This week the question is: Can You Bounce a Ball Like an AI?

… suppose you have a unit square that’s rotating about its center at a constant (nonzero) angular speed, and there’s a moving ball inside. The ball has a constant (nonzero) linear speed, and there’s no friction or gravity. When the ball hits an edge of the square, it simply reflects as though the square is momentarily stationary during the briefest of moments they’re in contact. Also, the ball is not allowed to hit a corner of the square—it would get jammed in that corner, a situation we prefer to avoid.
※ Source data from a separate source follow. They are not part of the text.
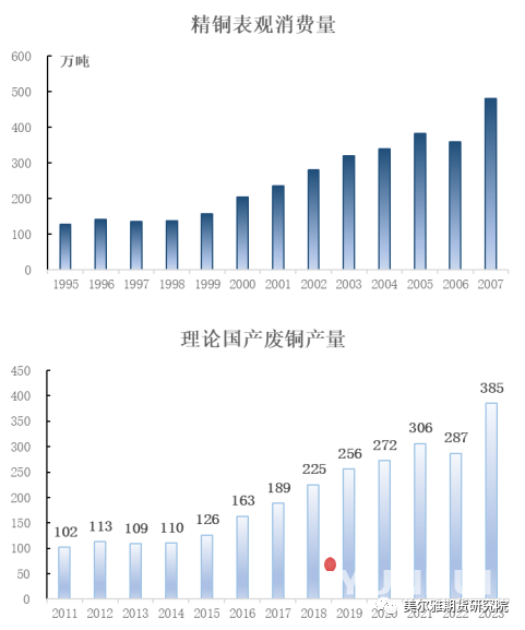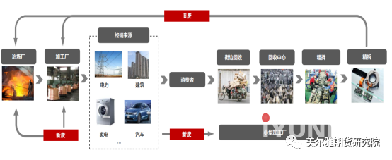 1、铜产业链总的废铜供应大多指的是通过终端消费回收利用的旧废,这部分的产量流入加工端则影响一部分精铜消费,流入冶炼端则是增加精铜的供应。
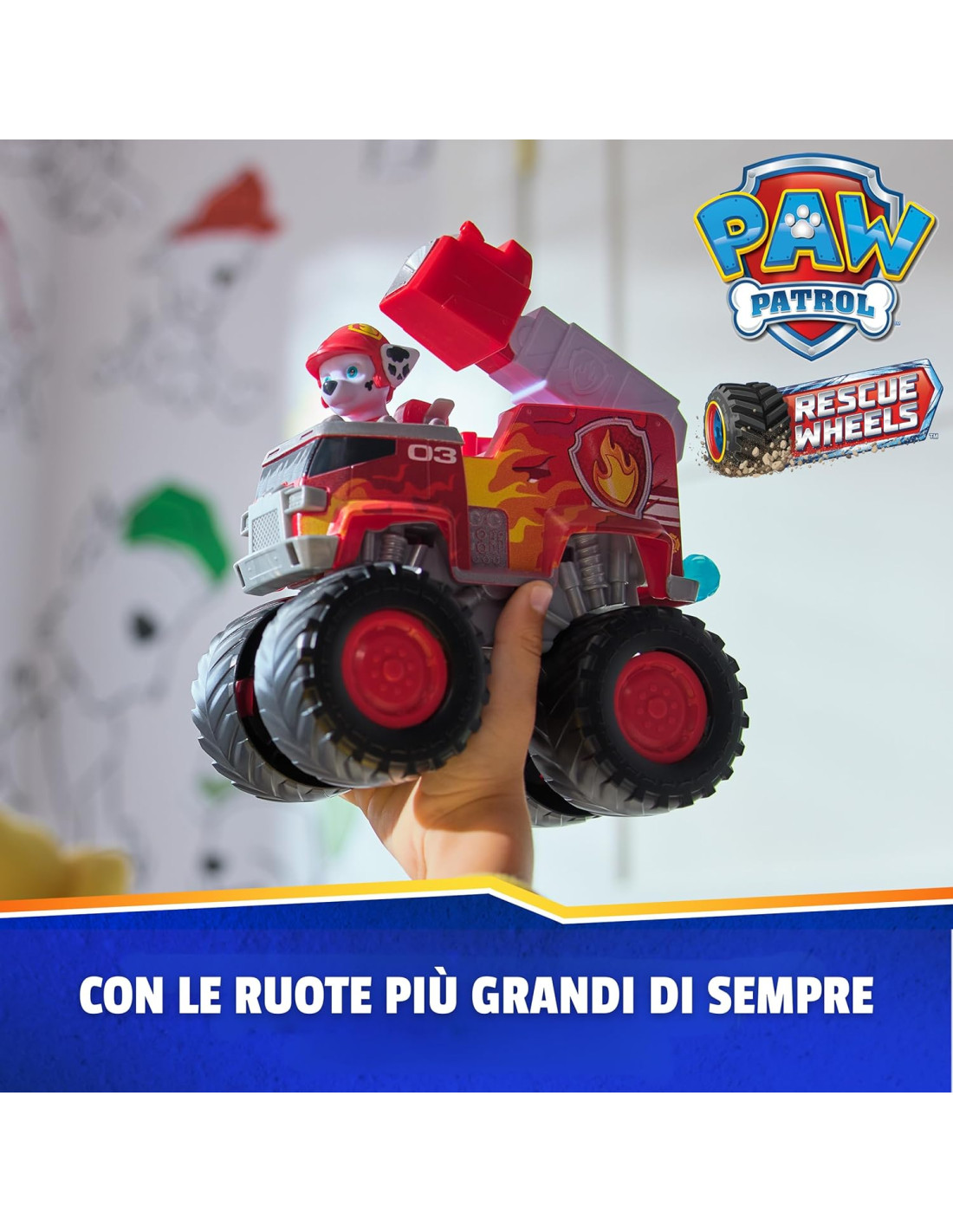 SPIN MASTERCAMION GIOCATTOLO CON RUOTE GROSSE: i camion giocattolo Rescue Wheels presentano lo stile autentico di PAW Patrol e sono dotati di pneumatici giganti da camion, per emozionanti avventure fuoristrada di fantasia, proprio come accade nel cartone
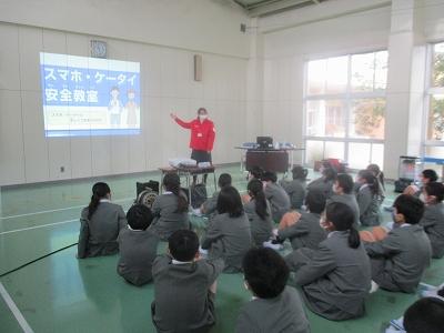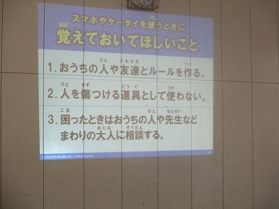 今日は、高学年でスマホ・ケータイ安全教室を行いました。近年、スマートフォン等の急速な普及に伴い、無料通話アプリやSNS、オンラインゲーム等により高い利便性が得られる一方、長時間利用による生活習慣の乱れや、不適切な利用により、トラブル、いじめやプライバシー上の問題につながるケースも見られています。またSNSを起因とする青少年の犯罪も多発しています。こうしたケースを防ぐために、子どもたちは自分たちの生活経験をふり返りながら、情報機器の安全な使い方について学びました。

Suppose the ball travels on a periodic (i.e., repeating) path, and that it only ever makes contact with a single point on the unit square. What is the shortest distance the ball could travel in one complete loop of this path?

And for extra credit:

Again, you have a rotating unit square and bouncing ball inside.

By now, you’ve hopefully found the shortest repeating path for which the ball makes contact with a single point on the square. Let’s call this path length L₁.

The next shortest repeating path for which the ball makes contact with a single point on the square has length L₂. To be clear, L₂ > L₁.

What is the length L₂?

Highlight to reveal (possibly incorrect) solution:

Spreadsheet.

A few tests lead me to believe, the only valid solutions are loops coinciding with regular polygons within a unit circle. The point on the square will be in the middle of one of the sides.

The first polygon is simply the loop of going 2 in one direction and 2 back. L₁ = 4.

The next polygon is a triangle. Each side of this triangle is also a long side of a triangle, where the centre of the unit circle is the 3rd vertex. 2 sides have the length 1. The angle at the centre is 360°/3 = 120°. The angles at the other vertices are (180°-120°)/2 = 30°. The length of the unknown side, x, satifies x/sin(120°) = 1/sin(30°) <=> x = √3. The perimeter of the triangle is 3√3, about 5.196.

The spreadsheet continues this trend. The perimeter of the polygons grow towards 2π.

Oh wait. While a unit circle has radius 1, diameter 2, a unit square simply has width 1, right? Sigh. — All results above should be divided by 2.